フランス不動産法の判例

商事賃貸借契約における家主の引渡義務と法令等の基準に合った設備工事の費用負担

(ルーアン控訴院, 2013年3月21日判決, Keles c/ Chapus)

管理費の負担義務と同様、商事賃貸借契約では住宅賃貸借契約のような家主と借主それぞれが負担する工事義務は法律で規定されていない。契約書で各種工事費の負担を自由に規定することが可能であり、本来家主が負担すべき大工事や物件の老朽化が理由で必要となる工事の負担を借主に負わせている契約書も少なくない。

安全、衛生や障害者の円滑利用等の法令が定めた基準に合うための設備を物件に施す工事について、商事賃貸借契約中に特別の条項がない場合には、家主に借主が契約で認められた商業活動を行うことができる物件を引き渡すことを義務づけているフランス民法1719条の規定に従って、工事費用の負担は家主が負う。

一方この種の工事を借主に負担させるために商事賃貸借契約中に特別の条項を規定する場合には、その条項は(i) 借主の負担となる工事の種類を限定的に列挙したもの(例えば衛生と安全に関する法令が定めた基準に合うための設備を物件に施す工事は借主の負担であるなど)、或いは(ii) 行政当局が義務づける工事は全て借主の負担となると明確に規定したものでなければならない。
フランス裁判所の判例では、包括的または曖昧な条項、例えば「借主は商業活動を営むにあたり行政当局が定める法令や規則を遵守する義務を負う」(破棄院第3院、2003年3月19日, n° 01-17187)、「借主は原状のまま本物件に入居し、屋根や壁の工事以外の全ての工事を行わなければならない」(破棄院第3院、2012年3月27日, n° 00-22561)、「借主は衛生に関する法令規則全てを遵守し、そのために必要となる工事を自ら行う義務を負う」(パリ控訴院、2013年10月30日)のような条項はこの条件を満たさず、設備工事費用は家主の負担となると解されている。 

家主がこうした工事の施行義務を負っている場合に義務を怠り、そのために借主が損害を受けた場合、例えば衛生法で設置が義務づけられている設備が施されていなかったため借主が行政当局から営業停止処分を受けたような場合には、家主は借主が受けた損害を賠償する義務がある。

本件は、2009年10月から商業物件を2つKeles夫妻から借りていた獣医のChapus氏が、そのうち1つを第三者に転貸しようとしたところ、店舗を開くために必要な障害者の円滑利用に関する法令に適った設備(車椅子が店舗に入れるよう階段をなくす工事等)が施されていなかったために予定されていた転貸ができず、Keles夫妻に対して賃貸借契約の解除とそれまで支払った家賃の返還、及び入居後施した修理工事費用の返還を求めた事件である。
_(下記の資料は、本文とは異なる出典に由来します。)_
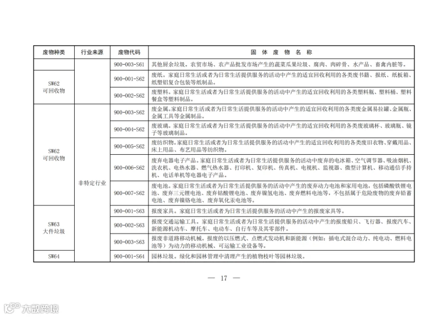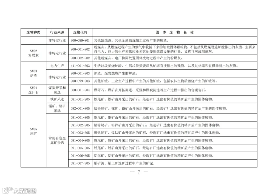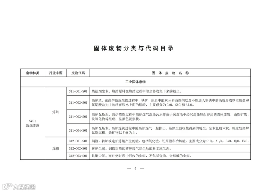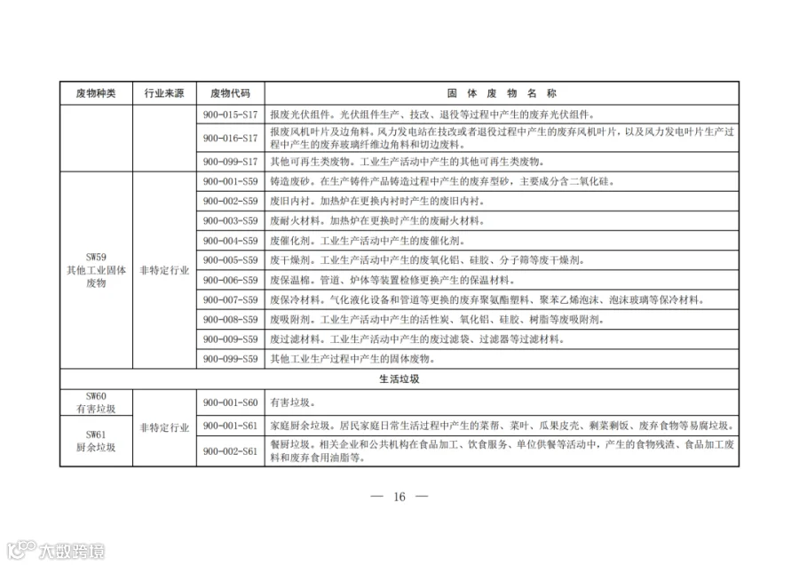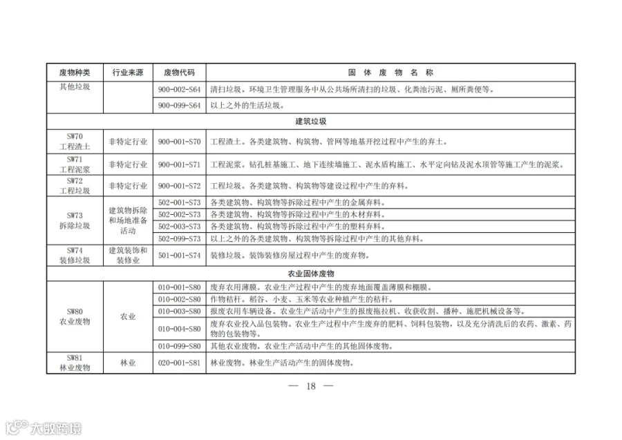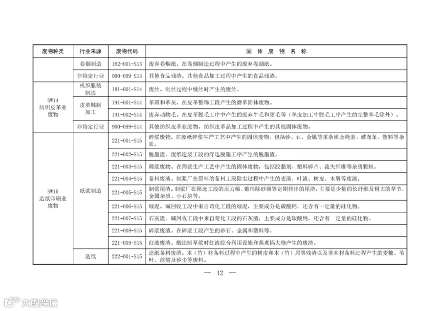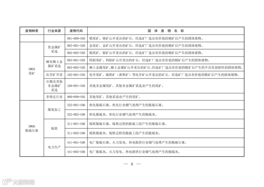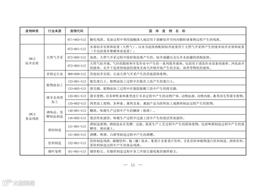 固废分类与代码目录中明确了固体废物的种类、行业来源、废物代码以及固体废物名称。

家主はChapus氏が2011年1月から滞納していた家賃の支払を反訴請求し、また当該物件の建築業者であるSolibat社を訴訟に強制介入させた。

契約書には「借主は自ら責任を持って物件内で事業活動を営む上でで必要となる法令、規則、行政その他の規定で課された許可を得なければならない」という条項が定められていたが、2013年の判決でルーアン控訴院は、この契約の条項は障害者の円滑利用に関する法令に適った設備を施す義務を借主に課すものではないとして、家主の過失による賃貸借契約の解除を命じ、家主に対しChapus氏に2010年度1年分の家賃と同氏が入居後施した修理工事費用合わせて57.991ユーロの支払を命じ、建築業者Solibat社に対して家主の債務を保証し、かつChapus氏が2011年1月から滞納していた家賃を借主に代わって支払うよう命じた。

2014年6月18日のPINEL法では、商事賃貸借契約中に法令等の基準に合った設備工事で民法606条で規定される大工事に該当するものを借主の負担とする条項を設けることが禁止されている (PINEL法の施行に関する2014年11月3日の政令、商法R 145-35条) 。